━━ Available data ━━

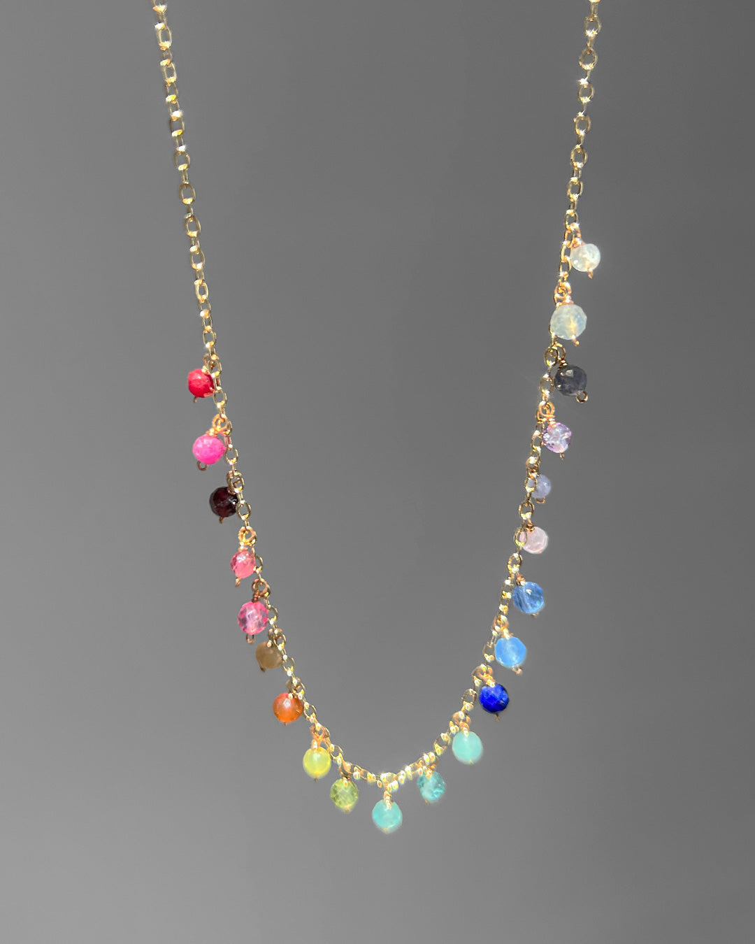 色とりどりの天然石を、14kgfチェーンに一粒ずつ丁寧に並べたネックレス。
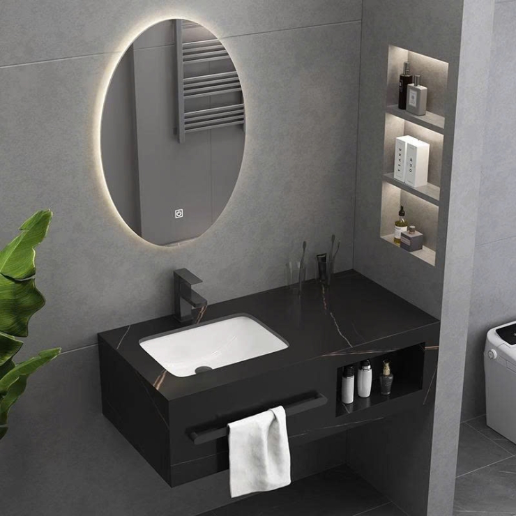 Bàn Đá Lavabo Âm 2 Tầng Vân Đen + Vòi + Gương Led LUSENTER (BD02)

━━━
━━ Available data ━━

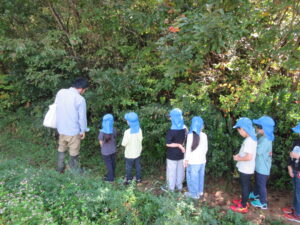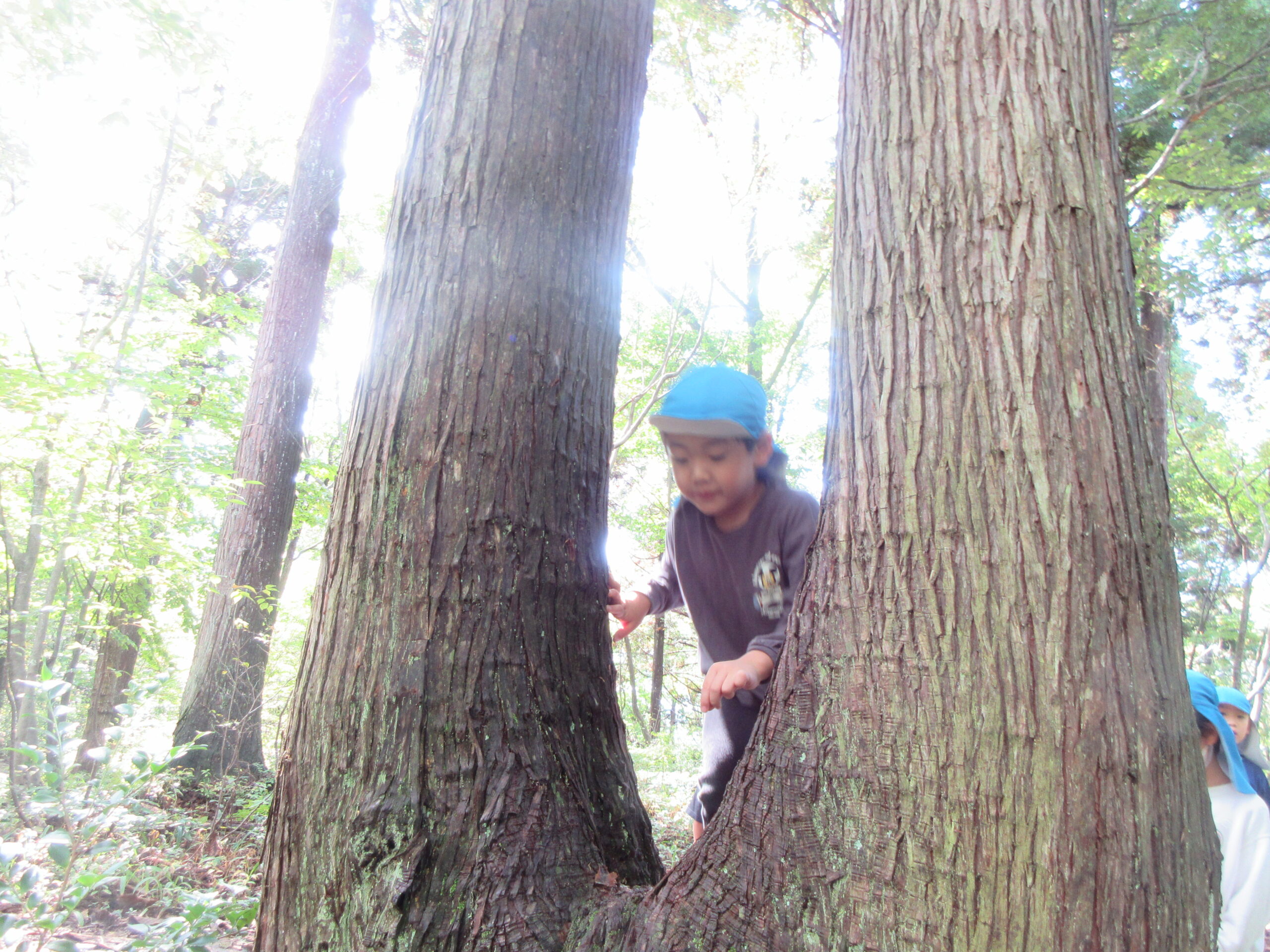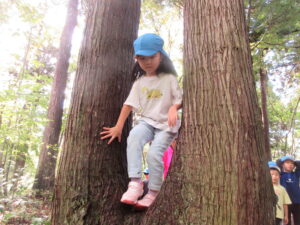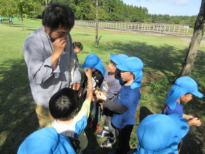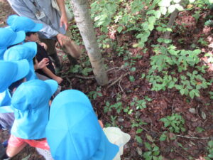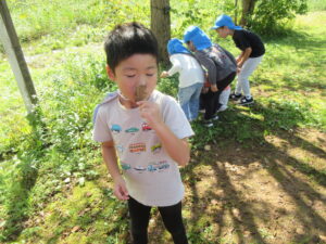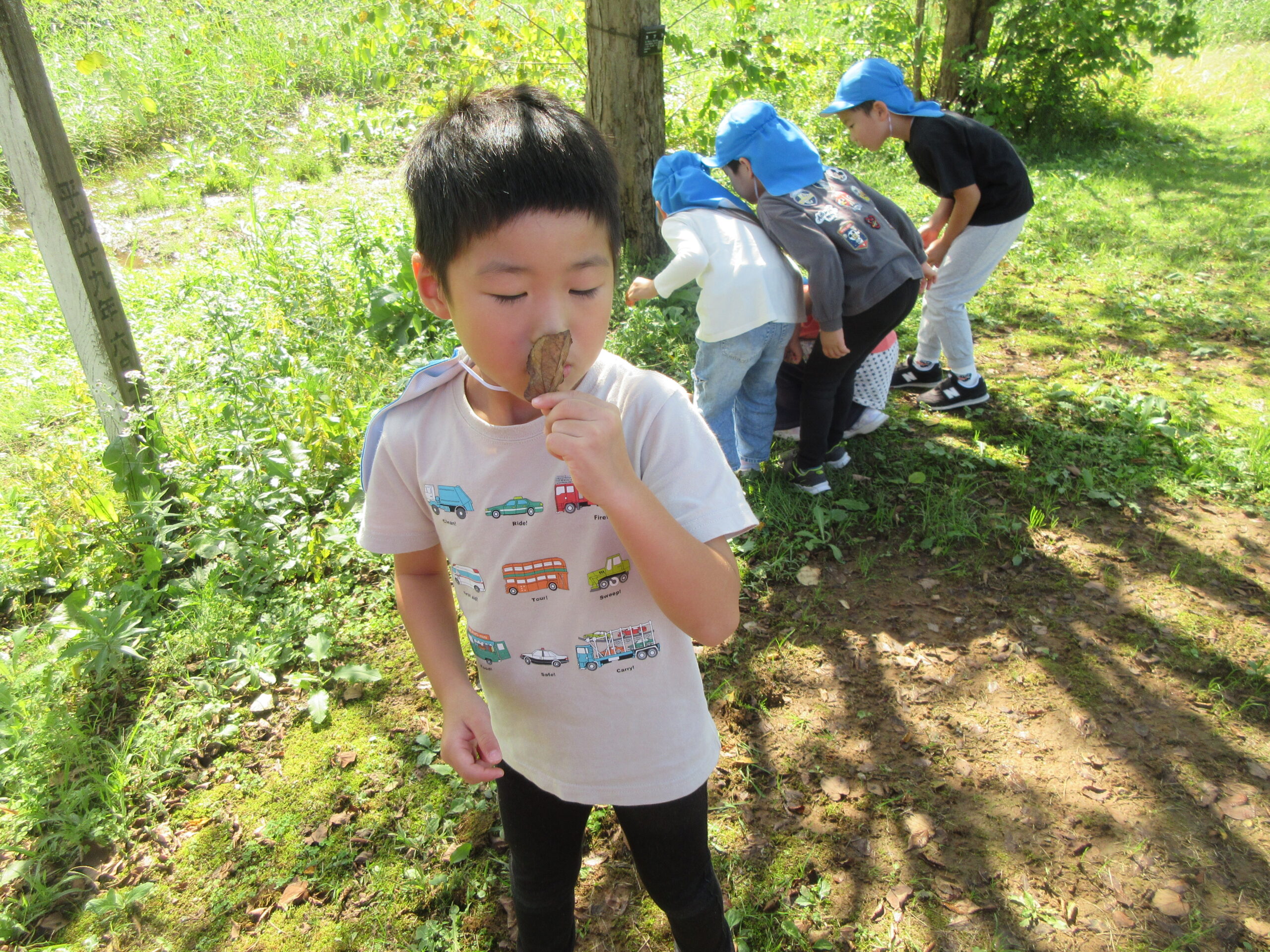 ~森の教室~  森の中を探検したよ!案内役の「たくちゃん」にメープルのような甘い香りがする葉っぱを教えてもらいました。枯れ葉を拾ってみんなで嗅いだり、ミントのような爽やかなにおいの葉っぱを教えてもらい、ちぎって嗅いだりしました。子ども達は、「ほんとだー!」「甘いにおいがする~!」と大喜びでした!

━━━

*About this task*. Both boundary lines included, write out word for word only the lines above from the one containing "色とりどりの天然石を、14kgfチェーンに一粒ずつ丁寧に並べたネックレス。" to the one containing "Bàn Đá Lavabo", leaving out any pictures.

*Expected output*.
 色とりどりの天然石を、14kgfチェーンに一粒ずつ丁寧に並べたネックレス。
 Bàn Đá Lavabo Âm 2 Tầng Vân Đen + Vòi + Gương Led LUSENTER (BD02)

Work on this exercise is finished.